__TASK INSTRUCTIONS__
Retype the material below exactly, from its first line through the line with "This Romantic Beaded"; the pictures stay out.

__DATA BLOCK__

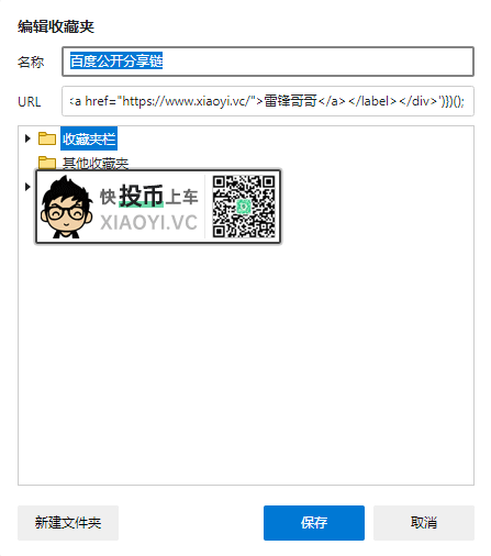 javascript:(function(){$(".share-method-line").parent().append('<div class="share-method-line"><input type="radio" id="share-method-public" name="share-method" value="public" checked=""><span class="icon radio-icon icon-radio-non"></span><label for="share-method-public"><b>公开分享</b><span>任何人访问链接即可查看,下载</span> 来自<a href="https://softgoing.com/">SoftGoing哥</a></label></div>')})();下面是SoftGoing已经添加好的书签了,名称随便你填写吧。URL代码一定不能复制少哦!
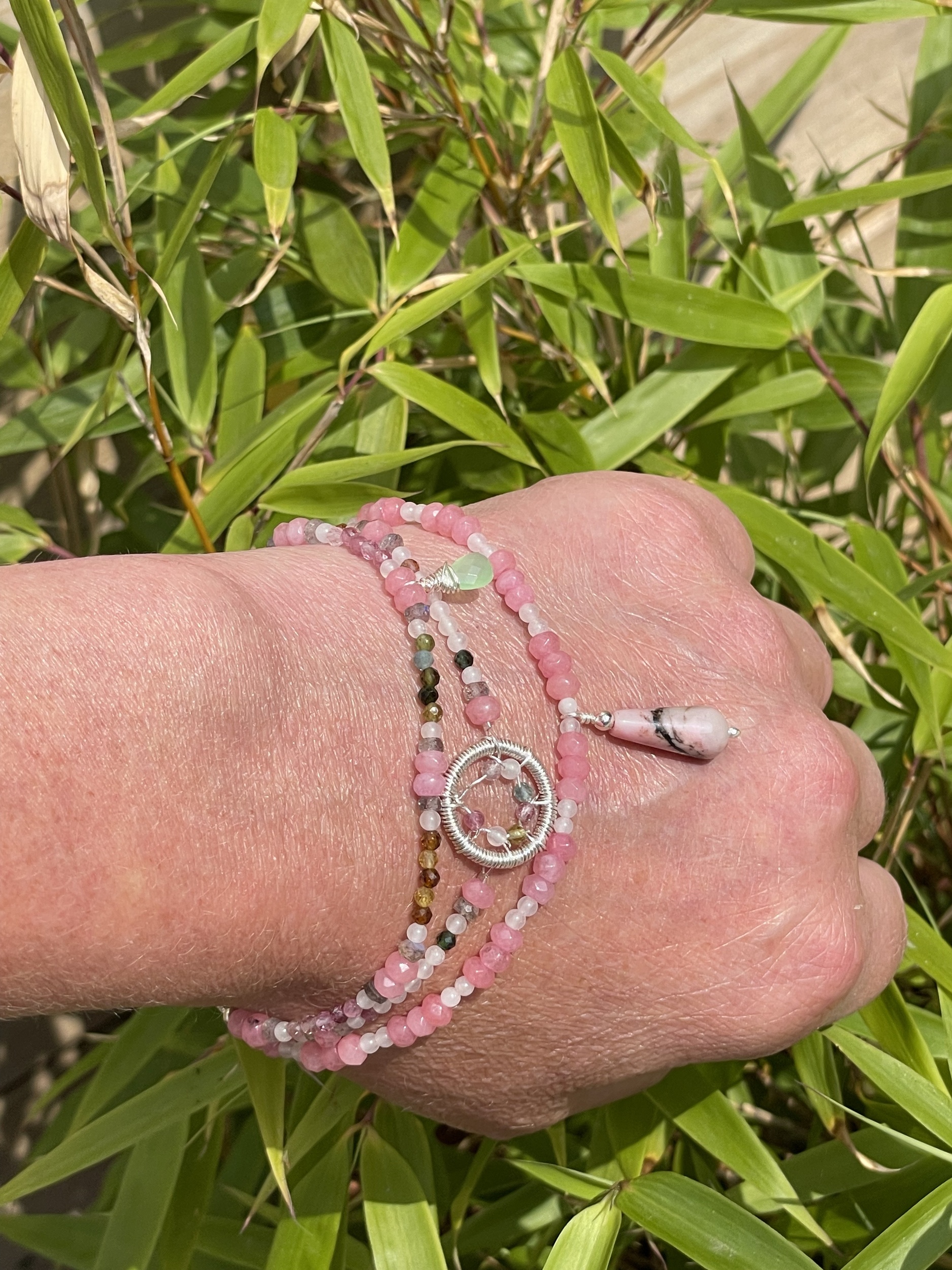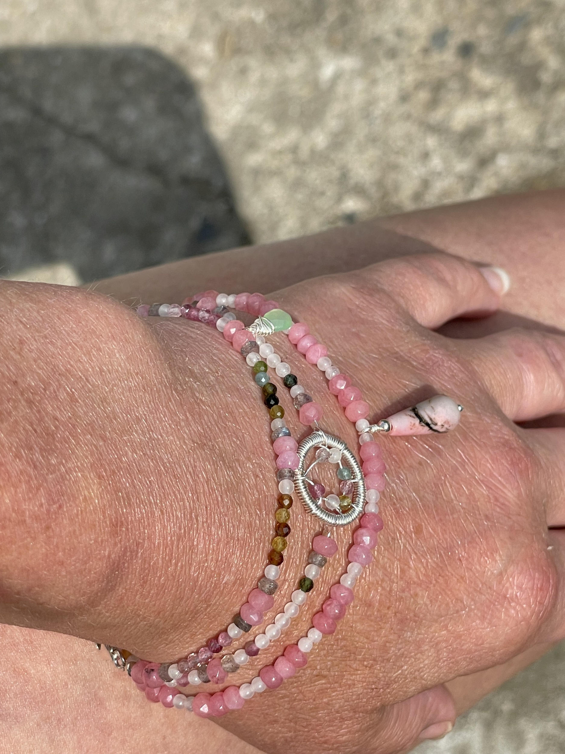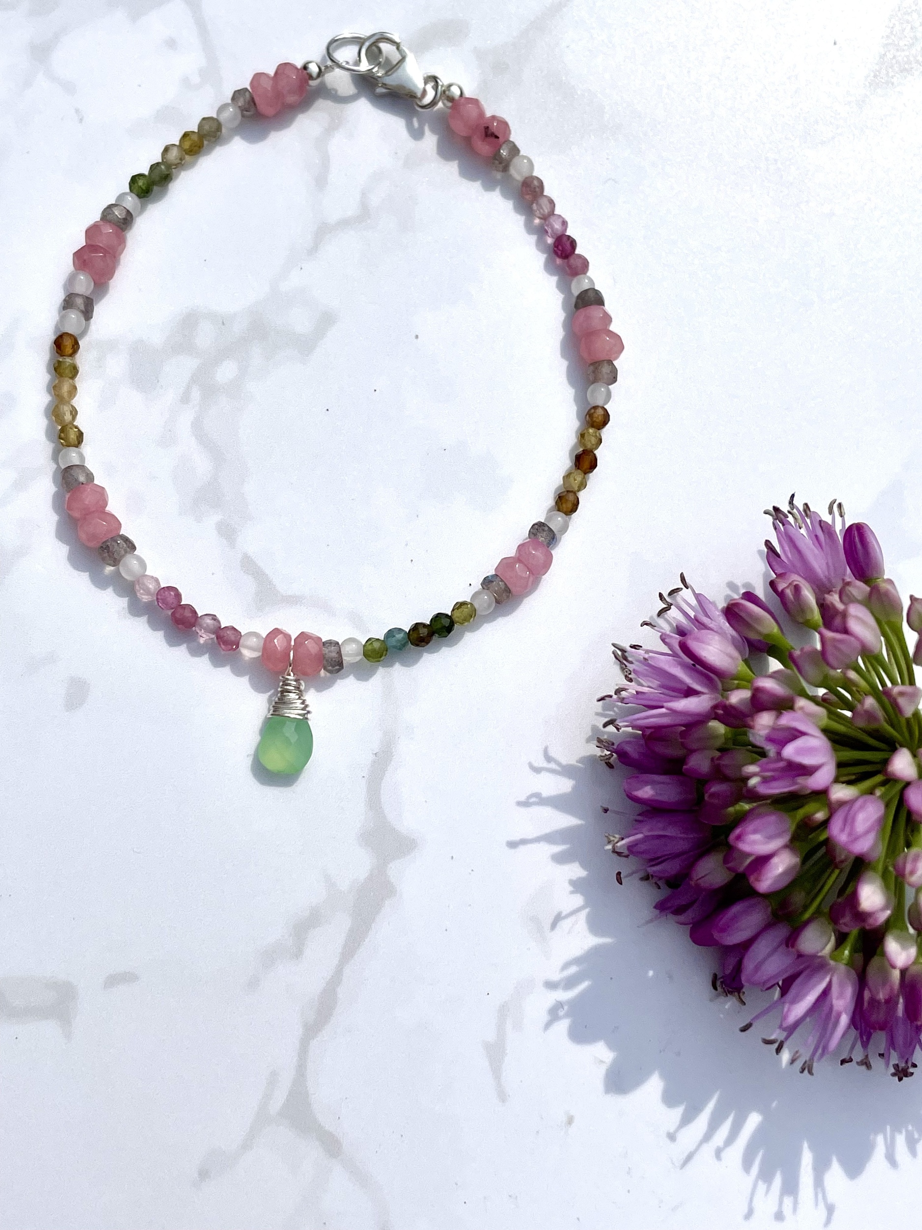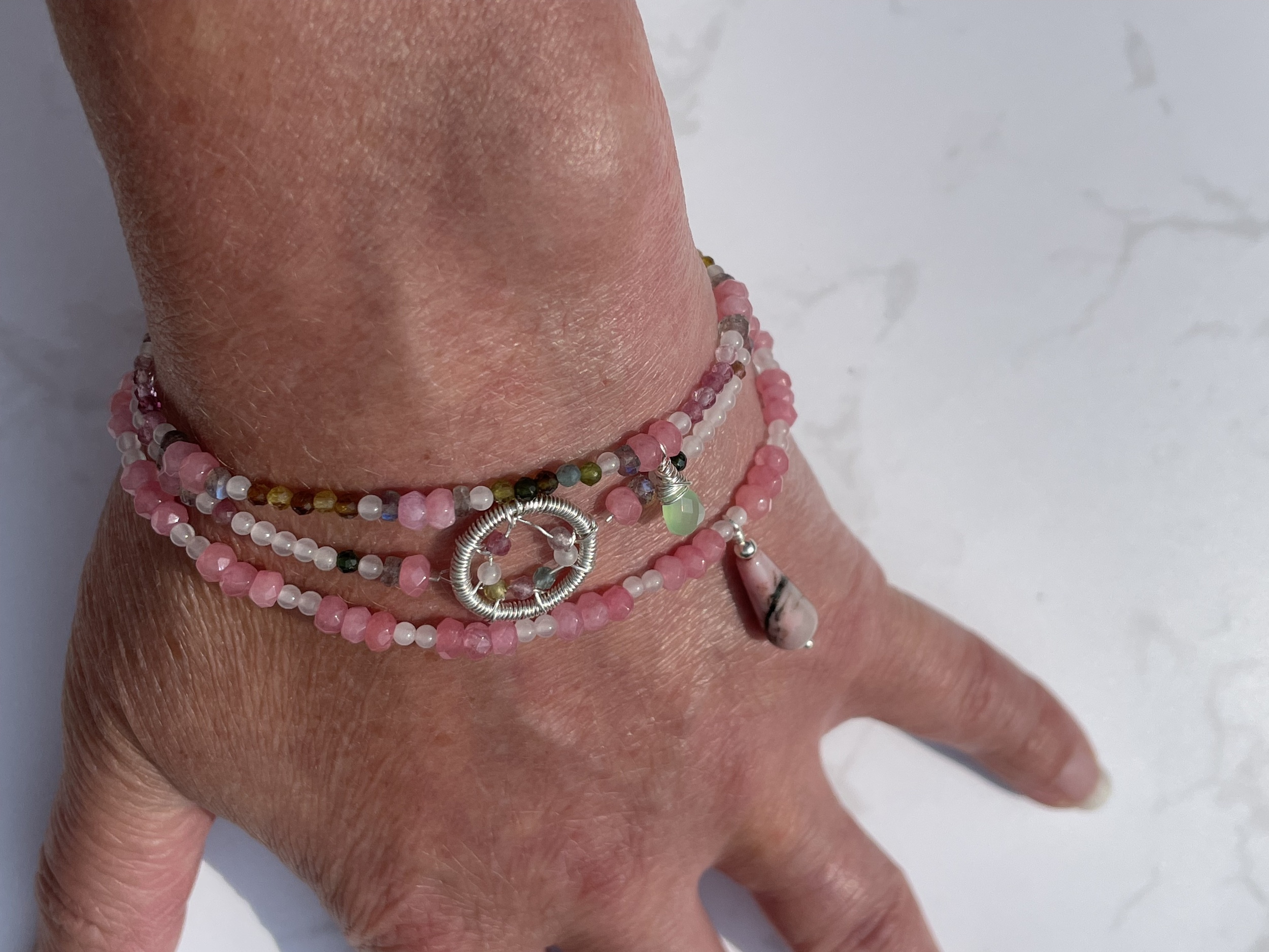 This Romantic Beaded Quartz, labradorite & 925 Sterling Silver, 'Theros-goddess of summer' Natural Gemstone Stacking Bracelet.
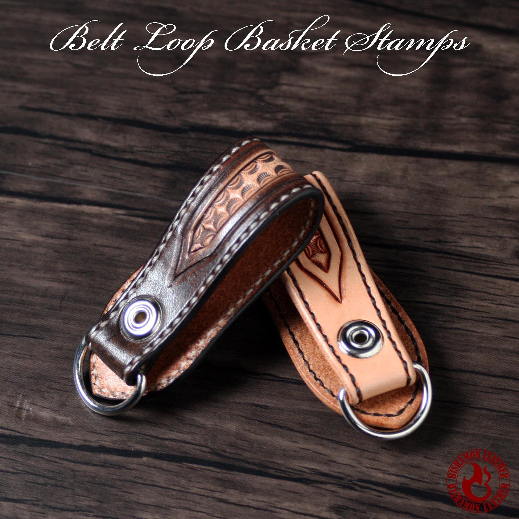 バスケットスタンプ仕上げのベルトループ(小)。ベルトに装着してウォレットロープやウォレットチェーン等を接続することが出来ます。カービングウォレットとの相性は抜群です。バスケットの刻印はひとつひとつ手作業で打ち込んでいます。色はライトブラウン、ダークブラウンの2色。ベルト巾は約45mmまで対応。コンチョには本物のアメリカ25セントイーグル硬貨を使用。素材は牛革(栃木レザー)を使用。

__WRITTEN ANSWER__
 javascript:(function(){$(".share-method-line").parent().append('<div class="share-method-line"><input type="radio" id="share-method-public" name="share-method" value="public" checked=""><span class="icon radio-icon icon-radio-non"></span><label for="share-method-public"><b>公开分享</b><span>任何人访问链接即可查看,下载</span> 来自<a href="https://softgoing.com/">SoftGoing哥</a></label></div>')})();下面是SoftGoing已经添加好的书签了,名称随便你填写吧。URL代码一定不能复制少哦!
 This Romantic Beaded Quartz, labradorite & 925 Sterling Silver, 'Theros-goddess of summer' Natural Gemstone Stacking Bracelet.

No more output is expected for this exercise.